In January 2013, the American College of Obstetricians and Gynecologists (ACOG), which is the nation’s leading group in the field of obstetrics and gynecology, released an opinion on a lesser known form of abuse called reproductive coercion. Reproductive coercion occurs whenever a woman’s partner tries to stop her from making her own decisions regarding pregnancy. This includes pressuring a woman to have an abortion she doesn’t want, using threats to stop a woman from having an abortion she does want, and attempting to impregnate a woman against her will. This can include a man hiding his partner’s birth control pills, removing a condom in the middle of sex, or even removing a woman’s intrauterine device (IUD) or other internal contraceptive.
Rebekah Gee, an obstetrician and gynecologist who has studied this issue, believes that for men, reproductive coercion is often, “about taking away choices, taking away freedom, control and self-esteem.” She also points out that a man may attempt to get his partner pregnant to tie her to him, and prevent her from leaving him.
Researchers believe that this form of abuse, also called “birth control sabotage,” is more common among women who are abused by their partners in other ways. One study indicates that 25% of teenage girls and 15% of women with abusive partners reported experiencing reproductive coercion. Although researchers involved in the ACOG report are unsure exactly how prevalent this form of abuse is, they believe it is common enough that physicians and other healthcare providers should screen women and check for signs of reproductive coercion during routine visits.

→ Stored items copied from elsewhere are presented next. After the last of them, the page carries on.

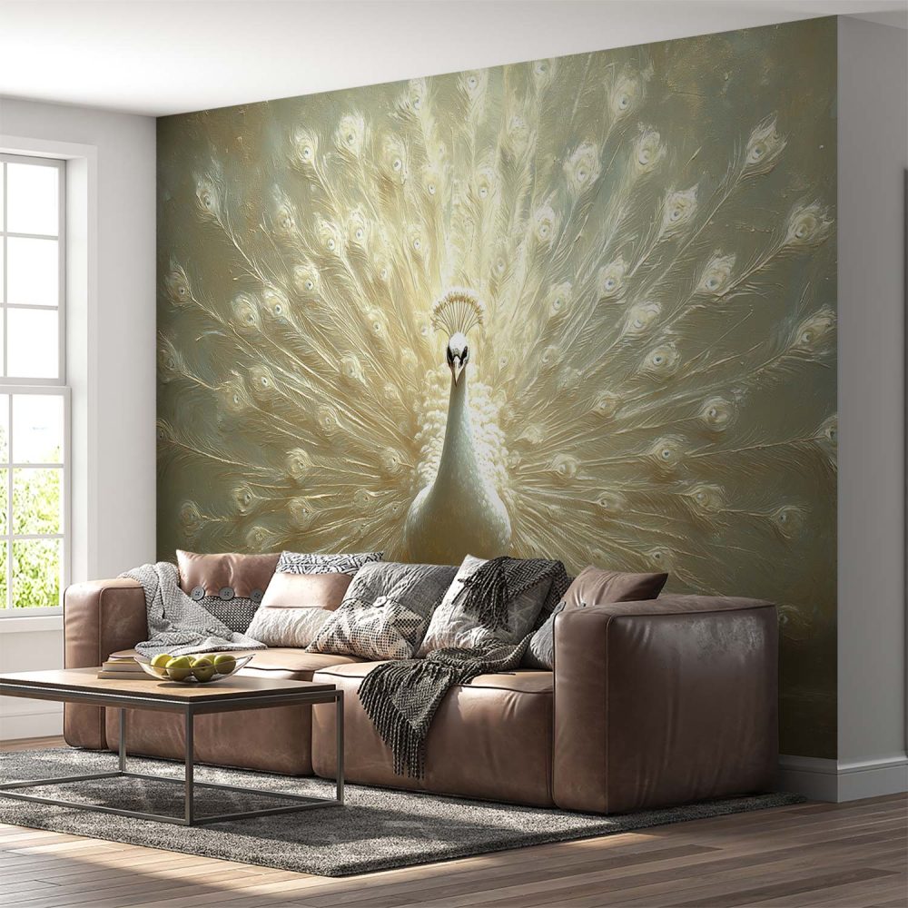 Witte Pauw Prachtvertoon behang
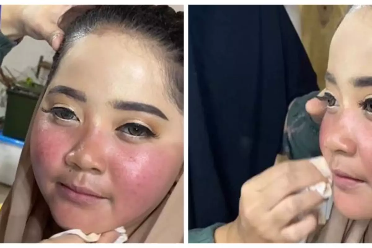 Penggunaan krim perawatan membuat kulit wajah wanita ini terlihat memerah. Entah iritasi atau kondisi kulit yang tipis. Meski glowing dan kinclong, MUA tersebut justru merasa kasihan dengan kliennya.
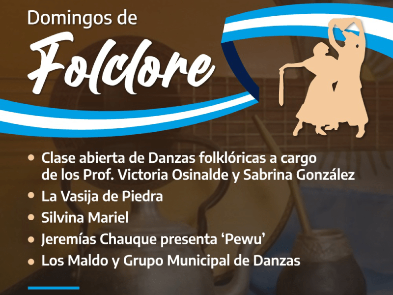 En esta ocasión, el domingo 12, desde las 18:00 horas los y las asistentes podrán compartir una clase abierta de Danzas folclóricas a cargo de las Prof. Victoria Osinalde y Sabrina González; la Vasija de Piedra; Silvina Mariel; Jeremías Chauque presenta «Pewu» y Los Maldo y el Grupo Municipal de Danzas.
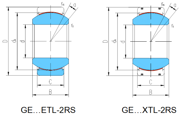 可提供密封圈為“2GS”和不帶密封圈的向心關節軸承。
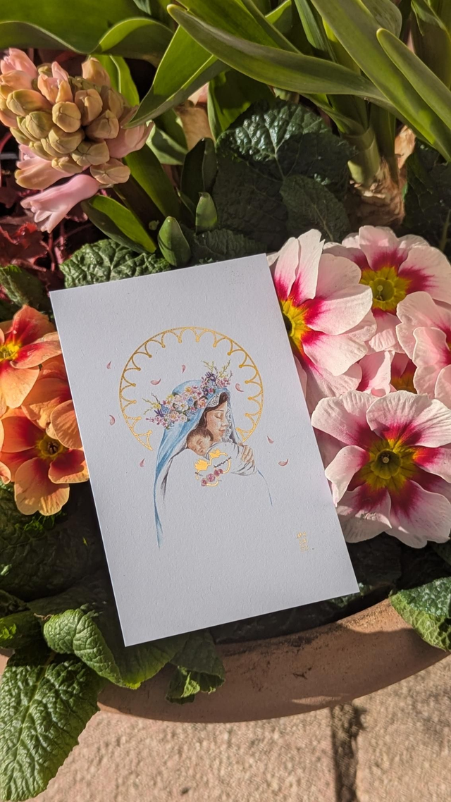 Carte reproduction d'après mon aquarelle originale, représentant une Vierge à l'Enfant couronnée de fleurs de printemps.
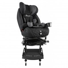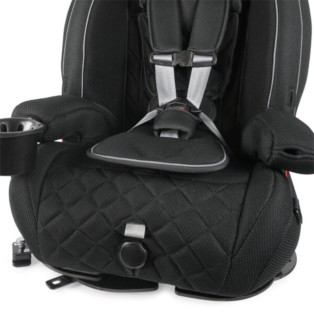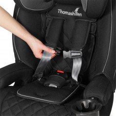 Мягкий подголовник регулируется по высоте с помощью рычага на спинке. Плечевые ремни с мягкой накладкой также возможно отрегулировать по мере роста пользователя. Подстаканник устанавливается как с левой, так и с правой стороны.
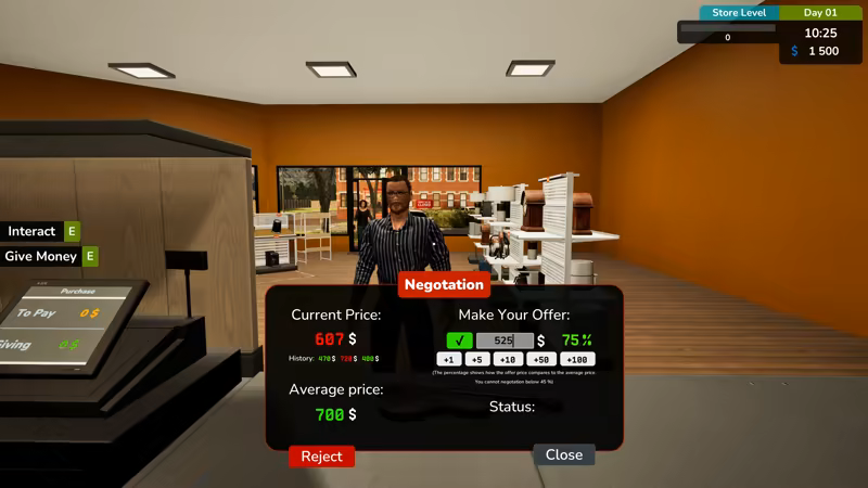PawnShop Simulator is a business simulation game where you buy and sell items through negotiation, clean and repair goods, rebuild and renovate your shops, and unlock licenses to trade over 180 unique products while growing from a small street pawn shop into another, larger modern urban pawn shop.
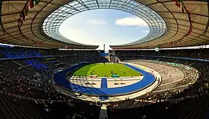 A stadium (plural: stadiums or stadia)[1] or arena is a place or venue for sports or other events and consists of a field or stage either partly or completely surrounded by a tiered structure designed to allow spectators to stand or sit and view the event.[2]
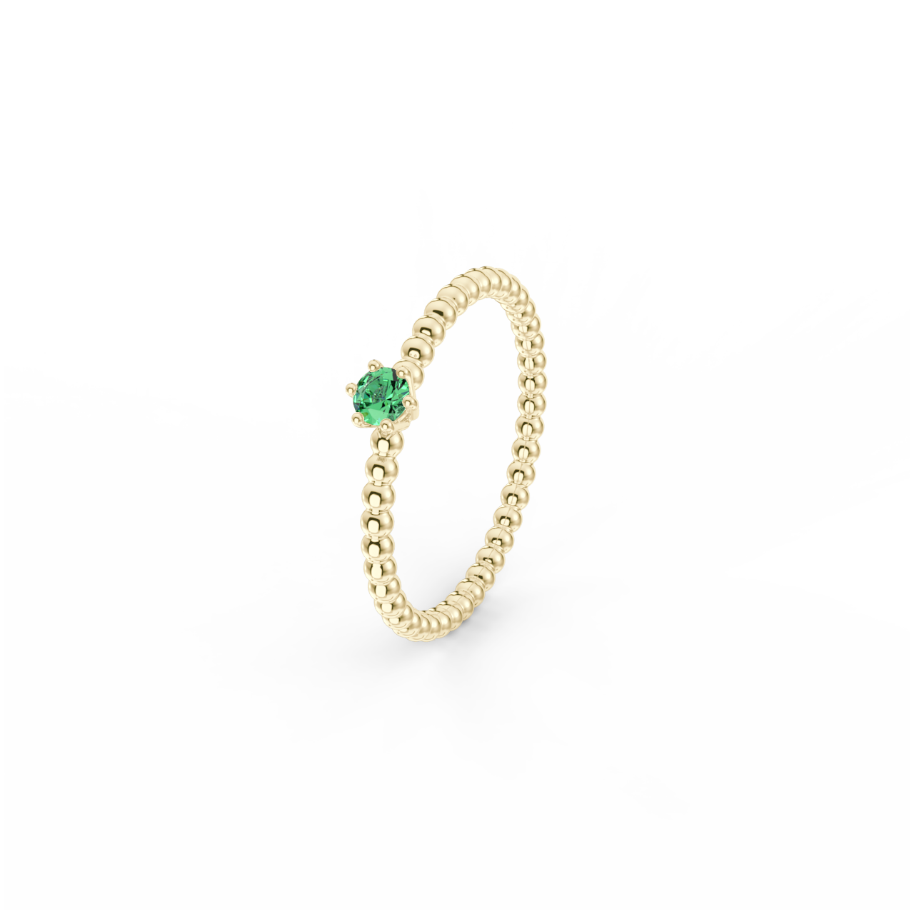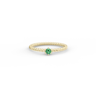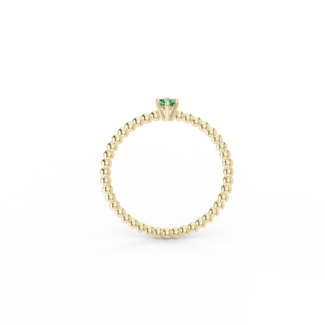 Prsten z kuličkového 14 Kt žlutého zlata se smaragdem o velikosti 3 mm.
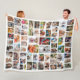 This custom fleece blanket features a large 68 photo collage layout displayed on a modern white background. Add all your special memories—family photos, baby milestones, holiday snapshots, vacations, sports wins, graduation images, wedding photos, pets & more.
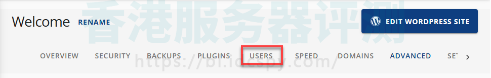 4、在网站概述中,单击“Users”选项卡以管理站点的用户。
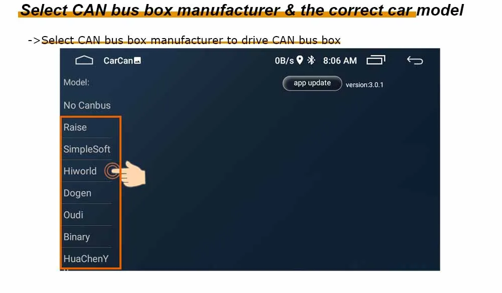 -> Выберите CAN bus box производитель для езды CAN Bus BoxПроизводитель CAN Bus: "Hiworld"

If physicians do not ask questions, women who undergo abuse may not realize that something can be done to improve or resolve the situation they are in. Doctors can take direct steps to help these women by providing difficult to detect birth control, such as IUDs with shortened strings, or emergency contraceptives in unmarked packaging. Additionally, they can direct women to assistance hotlines or agencies, such as the National Domestic Violence Hotline. Simply providing information can also make a difference. In one small study, women in clinics were given small cards with information and a questionnaire about reproductive coercion. Reports of coercion dropped 71% among women who received this information.
While increasing awareness about reproductive coercion and providing immediate help to women experiencing this type of abuse is critical, implementing education and prevention programs will be an important step in stopping reproductive coercion in the future.